(Records drawn from a dataset)
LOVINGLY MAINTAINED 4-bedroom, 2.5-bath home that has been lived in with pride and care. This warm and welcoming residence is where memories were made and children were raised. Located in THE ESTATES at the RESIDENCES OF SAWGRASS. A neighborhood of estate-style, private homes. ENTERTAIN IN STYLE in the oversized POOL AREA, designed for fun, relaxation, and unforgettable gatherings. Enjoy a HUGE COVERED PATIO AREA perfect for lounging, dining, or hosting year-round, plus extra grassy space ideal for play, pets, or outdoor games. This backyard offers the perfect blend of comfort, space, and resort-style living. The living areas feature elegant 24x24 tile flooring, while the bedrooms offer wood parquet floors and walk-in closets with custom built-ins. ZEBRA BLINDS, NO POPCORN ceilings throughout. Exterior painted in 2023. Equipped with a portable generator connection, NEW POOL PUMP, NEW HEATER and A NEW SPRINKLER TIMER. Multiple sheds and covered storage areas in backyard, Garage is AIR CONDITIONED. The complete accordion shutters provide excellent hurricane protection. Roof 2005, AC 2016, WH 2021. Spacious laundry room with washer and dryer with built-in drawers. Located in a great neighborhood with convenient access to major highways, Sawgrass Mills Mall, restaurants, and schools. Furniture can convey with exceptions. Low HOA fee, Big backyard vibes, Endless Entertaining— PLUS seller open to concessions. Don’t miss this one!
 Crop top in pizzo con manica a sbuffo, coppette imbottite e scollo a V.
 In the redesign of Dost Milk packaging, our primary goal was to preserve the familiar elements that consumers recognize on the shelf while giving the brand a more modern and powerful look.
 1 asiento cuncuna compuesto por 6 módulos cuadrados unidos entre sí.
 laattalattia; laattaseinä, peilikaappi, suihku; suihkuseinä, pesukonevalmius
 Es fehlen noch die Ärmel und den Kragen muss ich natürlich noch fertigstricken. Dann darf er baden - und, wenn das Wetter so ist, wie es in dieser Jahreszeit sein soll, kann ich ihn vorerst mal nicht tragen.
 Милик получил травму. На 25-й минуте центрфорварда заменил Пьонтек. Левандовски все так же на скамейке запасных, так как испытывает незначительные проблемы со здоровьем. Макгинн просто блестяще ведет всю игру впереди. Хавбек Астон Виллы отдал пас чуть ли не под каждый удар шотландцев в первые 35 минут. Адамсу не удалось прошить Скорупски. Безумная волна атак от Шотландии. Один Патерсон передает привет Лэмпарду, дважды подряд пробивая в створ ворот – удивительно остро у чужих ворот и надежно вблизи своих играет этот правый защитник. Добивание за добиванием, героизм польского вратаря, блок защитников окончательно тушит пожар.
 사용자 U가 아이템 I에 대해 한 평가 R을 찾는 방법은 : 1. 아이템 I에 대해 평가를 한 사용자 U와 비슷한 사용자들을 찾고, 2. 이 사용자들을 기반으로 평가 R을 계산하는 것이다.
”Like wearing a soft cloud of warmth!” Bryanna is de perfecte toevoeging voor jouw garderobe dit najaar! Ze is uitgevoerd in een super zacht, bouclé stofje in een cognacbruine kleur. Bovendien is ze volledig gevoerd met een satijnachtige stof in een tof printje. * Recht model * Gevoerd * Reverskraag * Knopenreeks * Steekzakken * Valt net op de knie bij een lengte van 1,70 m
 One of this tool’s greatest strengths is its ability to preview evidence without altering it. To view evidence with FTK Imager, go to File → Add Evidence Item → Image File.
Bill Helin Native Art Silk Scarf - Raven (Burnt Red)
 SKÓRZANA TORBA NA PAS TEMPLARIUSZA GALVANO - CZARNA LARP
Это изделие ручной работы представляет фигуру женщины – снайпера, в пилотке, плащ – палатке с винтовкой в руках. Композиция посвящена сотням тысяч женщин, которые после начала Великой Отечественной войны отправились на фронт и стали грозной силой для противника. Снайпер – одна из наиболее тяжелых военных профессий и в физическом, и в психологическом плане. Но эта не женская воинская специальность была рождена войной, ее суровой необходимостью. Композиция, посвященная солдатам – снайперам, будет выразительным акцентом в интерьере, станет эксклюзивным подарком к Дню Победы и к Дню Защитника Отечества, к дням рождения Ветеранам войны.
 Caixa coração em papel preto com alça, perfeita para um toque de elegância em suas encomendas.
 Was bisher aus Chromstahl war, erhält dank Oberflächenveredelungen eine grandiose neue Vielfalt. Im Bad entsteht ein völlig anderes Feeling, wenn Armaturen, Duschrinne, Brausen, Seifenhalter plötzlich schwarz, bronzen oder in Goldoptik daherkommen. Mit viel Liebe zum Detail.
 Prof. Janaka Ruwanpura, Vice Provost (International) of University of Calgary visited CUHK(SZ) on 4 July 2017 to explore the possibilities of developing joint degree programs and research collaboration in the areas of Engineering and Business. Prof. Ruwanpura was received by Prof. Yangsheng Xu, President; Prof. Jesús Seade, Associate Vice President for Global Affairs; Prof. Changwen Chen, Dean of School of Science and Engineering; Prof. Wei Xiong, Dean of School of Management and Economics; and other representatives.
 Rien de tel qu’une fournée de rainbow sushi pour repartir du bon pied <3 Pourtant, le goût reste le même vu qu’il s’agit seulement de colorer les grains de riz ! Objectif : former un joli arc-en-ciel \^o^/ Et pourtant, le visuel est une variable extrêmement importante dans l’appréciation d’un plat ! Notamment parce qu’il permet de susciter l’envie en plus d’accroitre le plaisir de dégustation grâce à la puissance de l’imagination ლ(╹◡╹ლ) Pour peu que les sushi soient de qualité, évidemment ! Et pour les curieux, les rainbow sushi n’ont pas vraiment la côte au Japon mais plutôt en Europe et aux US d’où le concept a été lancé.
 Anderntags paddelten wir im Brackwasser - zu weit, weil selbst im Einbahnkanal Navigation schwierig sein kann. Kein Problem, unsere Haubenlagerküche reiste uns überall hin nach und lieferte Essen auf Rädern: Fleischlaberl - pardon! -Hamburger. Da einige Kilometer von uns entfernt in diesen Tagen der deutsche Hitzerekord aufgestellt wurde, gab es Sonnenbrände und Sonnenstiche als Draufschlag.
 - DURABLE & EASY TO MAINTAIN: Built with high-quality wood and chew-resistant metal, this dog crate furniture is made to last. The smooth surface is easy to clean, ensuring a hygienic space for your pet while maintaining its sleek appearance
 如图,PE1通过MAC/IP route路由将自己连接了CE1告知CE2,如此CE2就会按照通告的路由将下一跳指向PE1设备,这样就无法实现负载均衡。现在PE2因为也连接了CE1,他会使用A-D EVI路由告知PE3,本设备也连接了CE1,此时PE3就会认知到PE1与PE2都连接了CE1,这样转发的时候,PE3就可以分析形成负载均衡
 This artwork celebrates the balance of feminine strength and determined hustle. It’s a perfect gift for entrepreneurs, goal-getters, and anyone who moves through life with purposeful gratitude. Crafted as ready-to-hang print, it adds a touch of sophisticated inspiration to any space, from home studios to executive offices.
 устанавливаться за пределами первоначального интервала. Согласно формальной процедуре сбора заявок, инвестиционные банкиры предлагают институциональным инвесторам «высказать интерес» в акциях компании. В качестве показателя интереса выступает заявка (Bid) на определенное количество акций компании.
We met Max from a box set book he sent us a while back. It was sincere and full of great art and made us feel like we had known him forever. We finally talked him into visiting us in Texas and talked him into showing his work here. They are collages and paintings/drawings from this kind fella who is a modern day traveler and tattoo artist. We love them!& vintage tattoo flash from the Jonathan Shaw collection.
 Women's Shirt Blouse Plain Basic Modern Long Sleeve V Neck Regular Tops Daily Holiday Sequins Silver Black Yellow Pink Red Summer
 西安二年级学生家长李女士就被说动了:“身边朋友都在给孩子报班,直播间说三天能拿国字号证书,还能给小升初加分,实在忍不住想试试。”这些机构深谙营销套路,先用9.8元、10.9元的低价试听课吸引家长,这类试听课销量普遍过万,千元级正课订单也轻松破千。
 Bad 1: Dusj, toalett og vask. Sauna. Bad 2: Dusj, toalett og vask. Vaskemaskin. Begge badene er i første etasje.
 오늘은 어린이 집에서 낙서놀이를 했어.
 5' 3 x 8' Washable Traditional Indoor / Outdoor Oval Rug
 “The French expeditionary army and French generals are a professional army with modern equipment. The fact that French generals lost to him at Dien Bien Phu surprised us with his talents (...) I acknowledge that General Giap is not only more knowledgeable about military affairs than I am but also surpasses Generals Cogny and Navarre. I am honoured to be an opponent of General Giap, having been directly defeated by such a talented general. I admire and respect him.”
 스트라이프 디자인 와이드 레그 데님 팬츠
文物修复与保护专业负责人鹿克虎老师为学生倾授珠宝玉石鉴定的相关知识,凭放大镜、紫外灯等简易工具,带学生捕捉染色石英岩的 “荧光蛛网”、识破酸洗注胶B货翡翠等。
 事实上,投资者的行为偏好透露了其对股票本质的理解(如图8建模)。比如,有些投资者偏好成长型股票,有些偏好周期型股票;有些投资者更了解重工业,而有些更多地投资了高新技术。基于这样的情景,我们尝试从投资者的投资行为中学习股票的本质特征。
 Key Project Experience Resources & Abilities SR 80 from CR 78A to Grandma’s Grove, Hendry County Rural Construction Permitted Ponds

INSTRUCTIONS TO FOLLOW: Go to the line holding "스트라이프 디자인 와이드 레그 데님 팬츠" in the entries above and return it, along with every line after it, exactly as written.

EXERCISE SOLUTION:
 스트라이프 디자인 와이드 레그 데님 팬츠
文物修复与保护专业负责人鹿克虎老师为学生倾授珠宝玉石鉴定的相关知识,凭放大镜、紫外灯等简易工具,带学生捕捉染色石英岩的 “荧光蛛网”、识破酸洗注胶B货翡翠等。
 事实上,投资者的行为偏好透露了其对股票本质的理解(如图8建模)。比如,有些投资者偏好成长型股票,有些偏好周期型股票;有些投资者更了解重工业,而有些更多地投资了高新技术。基于这样的情景,我们尝试从投资者的投资行为中学习股票的本质特征。
 Key Project Experience Resources & Abilities SR 80 from CR 78A to Grandma’s Grove, Hendry County Rural Construction Permitted Ponds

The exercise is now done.